Asked what he would want to tell a reader coming to the mind-bending near-future saga cold, the prize-winning Berkeley author says, “I would want to tell them nothing. They can find their own way.”
Seated on the patio of Mission Heirloom in the Gourmet Ghetto, Mason, 42, still jetlagged from his return from a writers’ retreat in Tuscany, relents a bit when pressed for elaboration. “I hate describing it,” he says. “But when forced, I say it’s a combination between Mrs. Dalloway and Neuromancer .” That’s an elevator pitch that actually says something meaningful.
and Void Star
Published by Farrar, Straus & Giroux on April 11, Void Star follows three disparate characters as they navigate a future world altered by climate change, social inequality, longevity extension, digital brain implants and the machinations of incredibly powerful artificial intelligences. Irina Sundren, bearing an implant that bestows perfect recall, specializes in communing with AIs on behalf of their super-rich human creators. Brazilian-born Thales, a survivor of the assassination attempt that took his politician father’s life, also has an implant, one that imperfectly tries to reassemble his shattered memory. Thief and killer-for-hire Kern lives in the favela surrounding San Francisco until he steals the wrong phone from the wrong victim. Eventually, the three narrative strands converge into a meditation on mortality, reality and human and inhuman consciousness.

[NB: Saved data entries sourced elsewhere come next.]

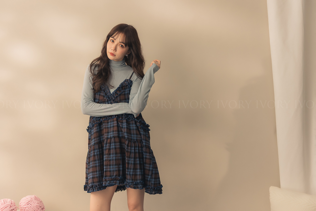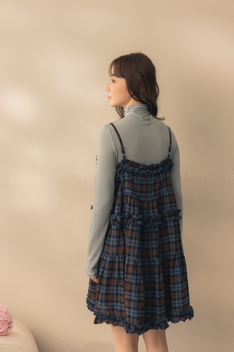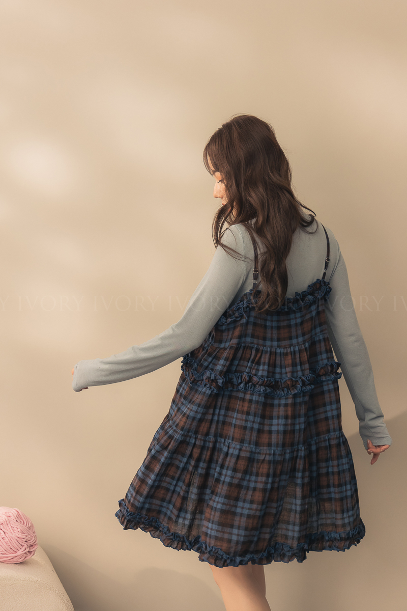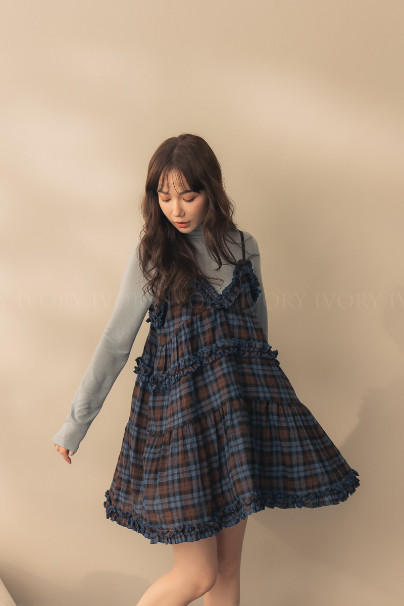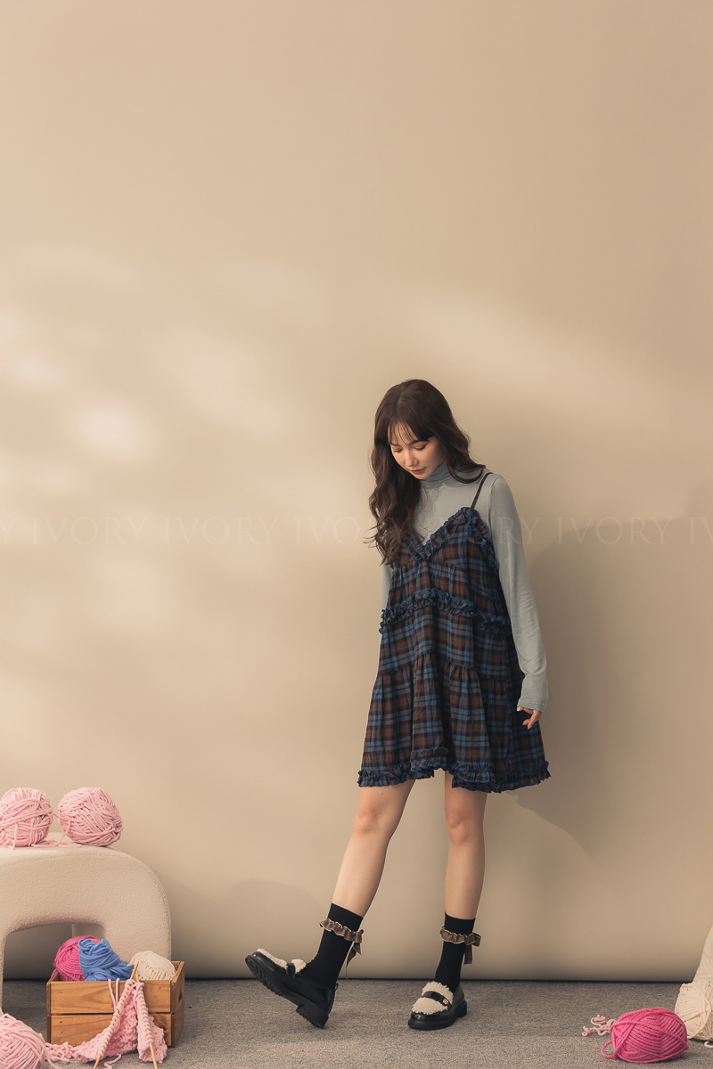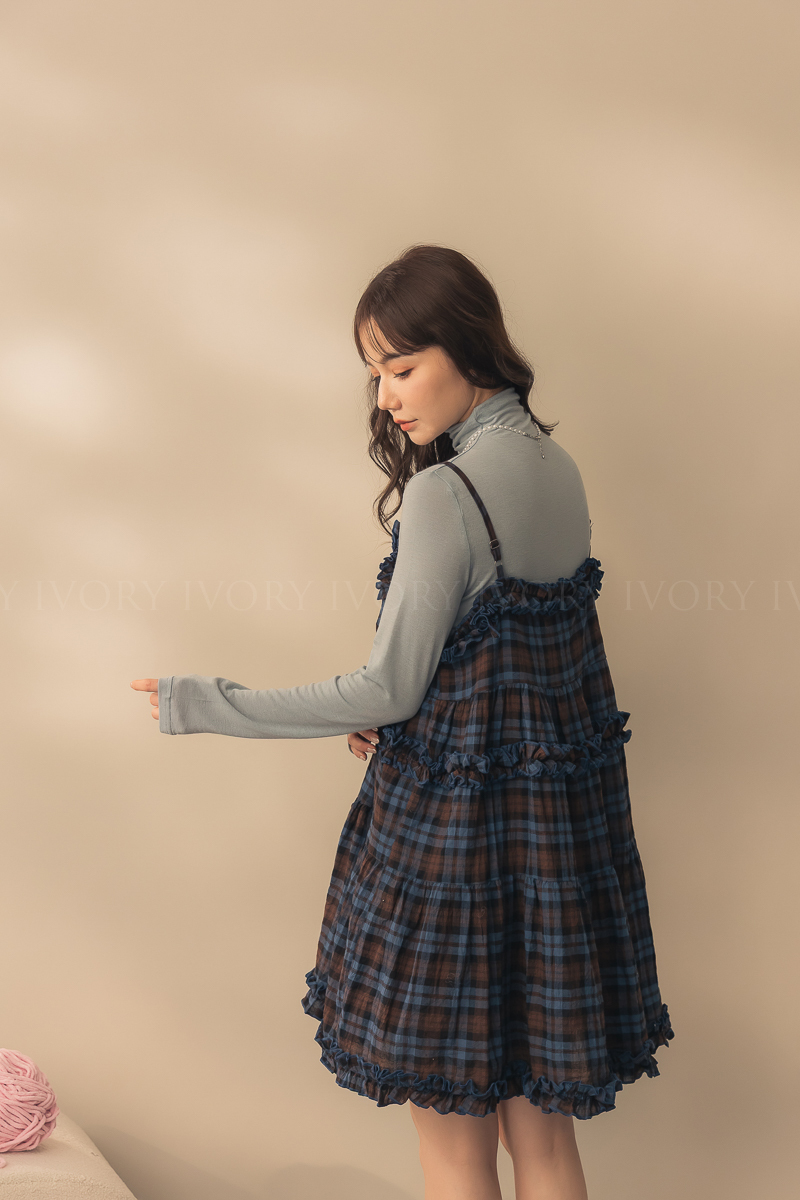 N51033英倫風荷葉滾邊格紋小短洋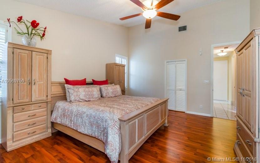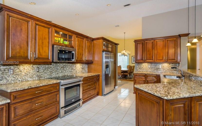 This impeccably maintained single story pool home with an open floor plan is one of only 39 homes located in the gated and guarded community of Sunset Isles within Silver Lakes , Pembroke Pines . Solid mahogany 8 foot entrance doors open to 4 bedrooms and 2.5 bathrooms with volume ceilings to 16 feet, an updated kitchen which includes granite counters, solid wood cabinetry, and high end stainless steel appliances including a wine cooler. The master bedroom has a huge walk-in closet with a custom built closet system. The master bath has been remodeled to include Italian marble flooring, solid wood and granite vanities and a walk-in shower with frame-less glass. The home has a Class-A wind rating with hurricane impact protection on all openings, a newer metal roof.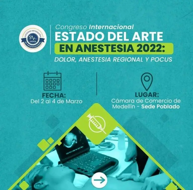 Con el fin de actualizar conocimientos en los tópicos más importantes de la anestesiología basados en evidencia científica y contribuir a la práctica anestésica con altos estándares de calidad, la Sociedad Antioqueña de Anestesiología, SADEA, invita a su congreso Estado del Arte en Anestesia 2022. Un evento académico dirigido a anestesiólogos, estudiantes del posgrado de anestesia y especialistas en dolor e intervencionismo analgésico, latinoamericanos pertenecientes a las sociedades adscritas a la Confederación Latinoamericana de Sociedades de Anestesiología – CLASA.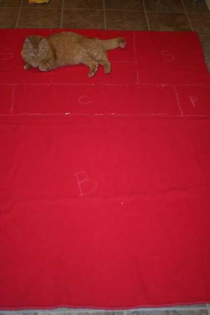 Medir las piezas y marcar las líneas con los pernos. Marqué las mediciones con tiza para poder verlos mejor. El cuerpo de la capa es de 42 pulgadas de la parte inferior de la mitad de la manta. Para hacer su propia capa, mida su cuello para la distancia del piso y restar aproximadamente seis pulgadas. Incluso puede restar más, dependiendo de cuánto tiempo desea el abrigo para terminar. Estos son básicamente la pantorrilla porque espero sus portadores para llegar mucho más alto en no mucho tiempo. La capa amarilla es de 47 pulgadas. Yo uso el borde final de la manta como la parte inferior de la capa y los lados terminados como las dos partes delanteras de la capa. Así, no tengo que terminar los bordes con puntada de manta. Usé el borde acabado de los extremos del manguito y las tapas de bolsillo también. Para un capote normal, de una manta de punto, utilizando los bordes acabados también pondrá tus franjas en los lugares correctos. Que es, a lo largo de la parte inferior del cuerpo de la capa y a lo largo de los pun ¢ os, horizontalmente.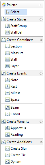 The Palette will open every time the Score View is activated. It consists of the instruments and items which you can use in the Outline View. Practical instructions for using these instruments (drag & drop onto the Outline View), are described in the section about “Using the MEI Score Editor“ . You can hide the Palette by clicking the white triangle at the top right or by moving it to the other side of the Score View by dragging it like a view.
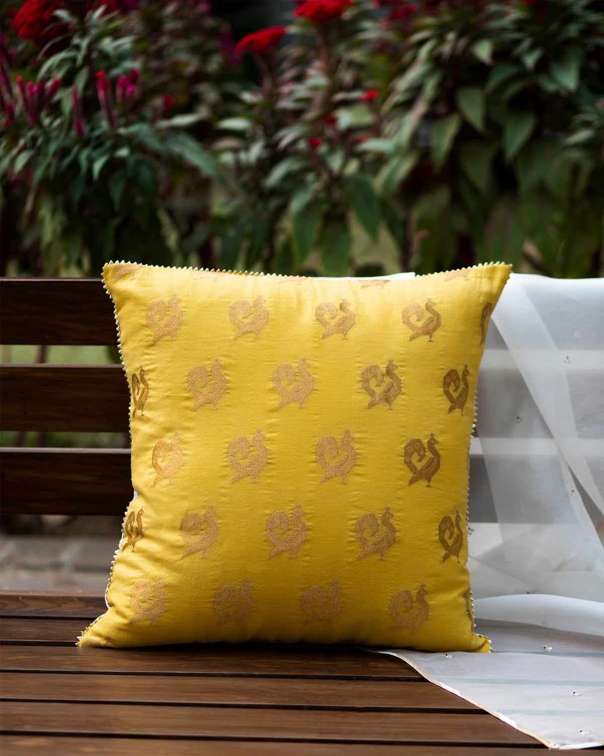 - In buttery chanderi, this cushion cover is all festive chic with a woven gold zari print and a strip of little gota triangles along the edges.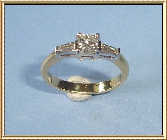 A BEAUTIFUL PRINCESS CUT EYE CLEAN EXCELLENT NEAR COLOURLESS Natural DIAMOND ( app. 0.35ct ) RING with TWO TAPERED BAGUETTES ( app. 0.10ct ) SET in 18ct YELLOW and WHITE GOLD.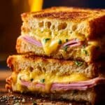 This Air-fryer Cheese & Ham Toastie is a quick and delicious sandwich perfect for a satisfying snack or light meal. Using the air fryer ensures a perfectly golden, crunchy exterior while melting the creamy cheese inside. The combination of mature cheddar or gruyère with English mustard and optional chives adds a burst of flavor, complemented by a thick slice of ham. Ready in just 10 minutes, it’s an easy recipe that elevates the classic toastie.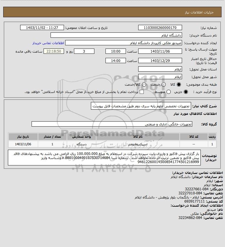 استعلام تجهیزات تخصصی علوم پایه سری دوم طبق مشخصات فایل پیوست, استعلام تجهیزات تخصصی علوم پایه سری دوم طبق مشخصات فایل پیوست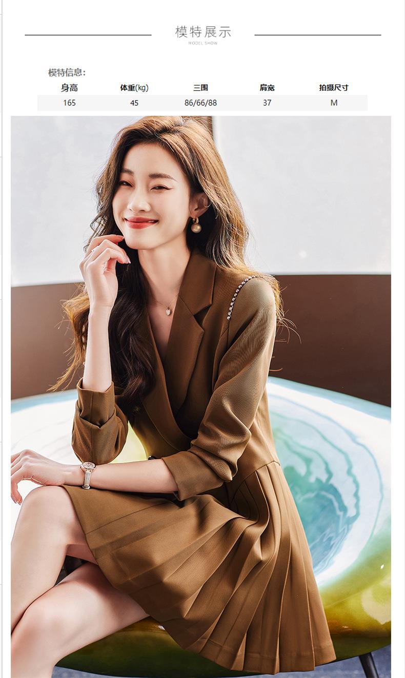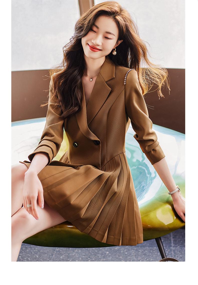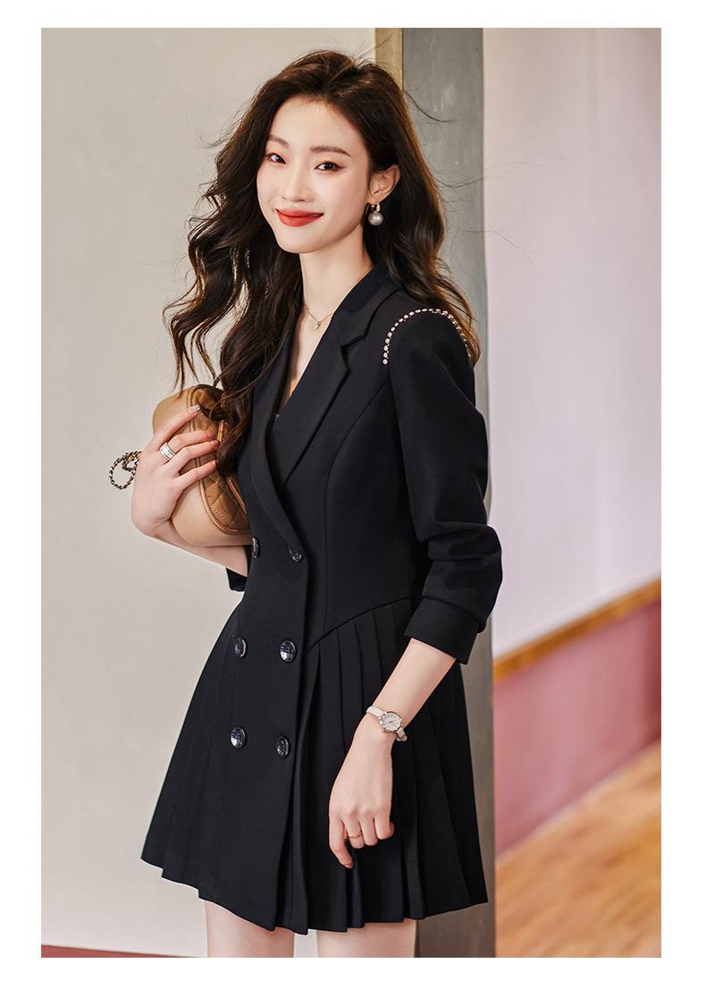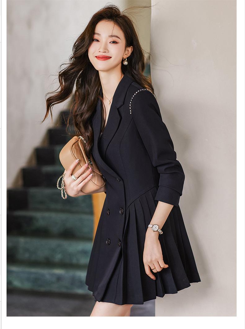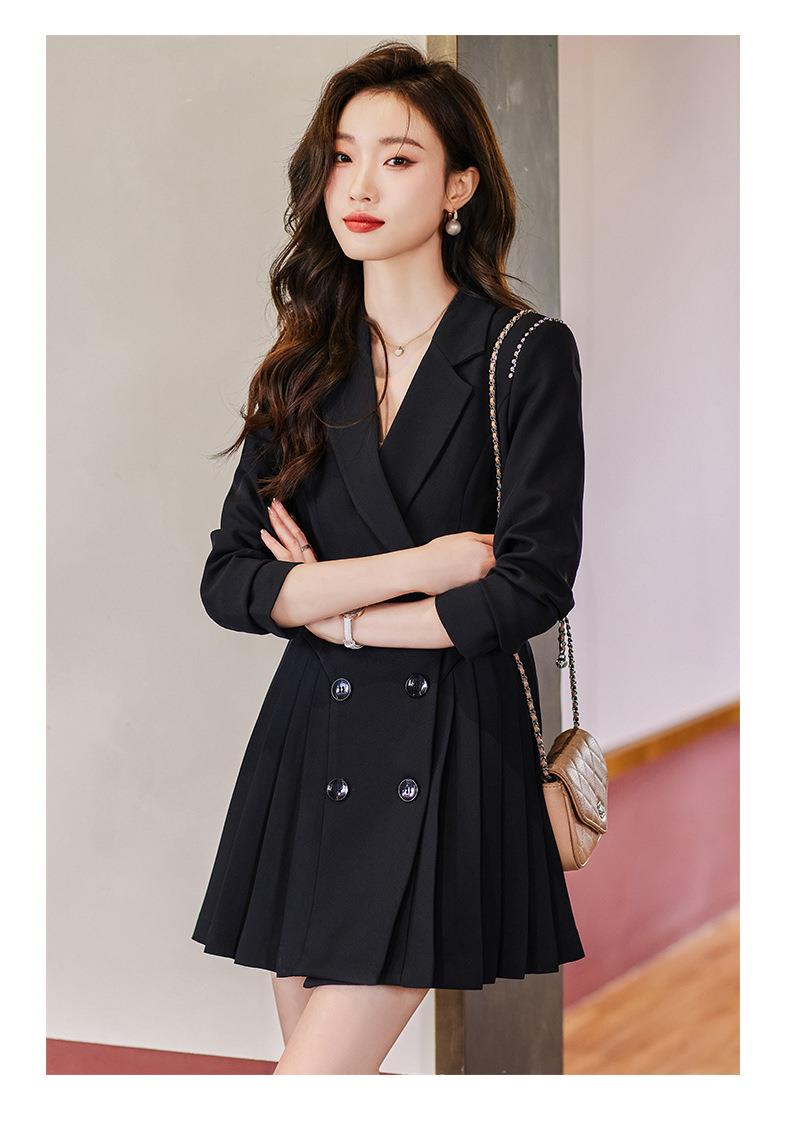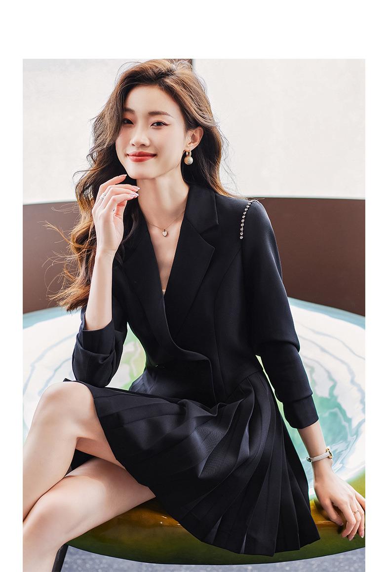 娜璐多 西装连衣裙女高冷御姐风气质收腰百褶裙A字短裙2023秋季新款女神

Mrs Dalloway of the Future
On its shiny, high-tech surface, Void Star doesn’t seem to have much in common with the early 20th-century modernism of Virginia Woolf. As Mason admits, “Not much happens in Mrs. Dalloway. It’s just characters floating around London.” While there is plenty of globe-trotting action in Void Star, that aspect of the narrative isn’t necessarily its primary objective. As Mason says about Mrs. Dalloway, “It’s about the consciousness of (three) characters and the texture of their experience. And that’s a lot of what I was trying to do with Void Star.” The book’s connection to William Gibson and his first novel, Neuromancer, will likely be obvious to anyone who grew up reading what was once called “cyberpunk,” stories set where the barriers between the human and the digital worlds are more permeable.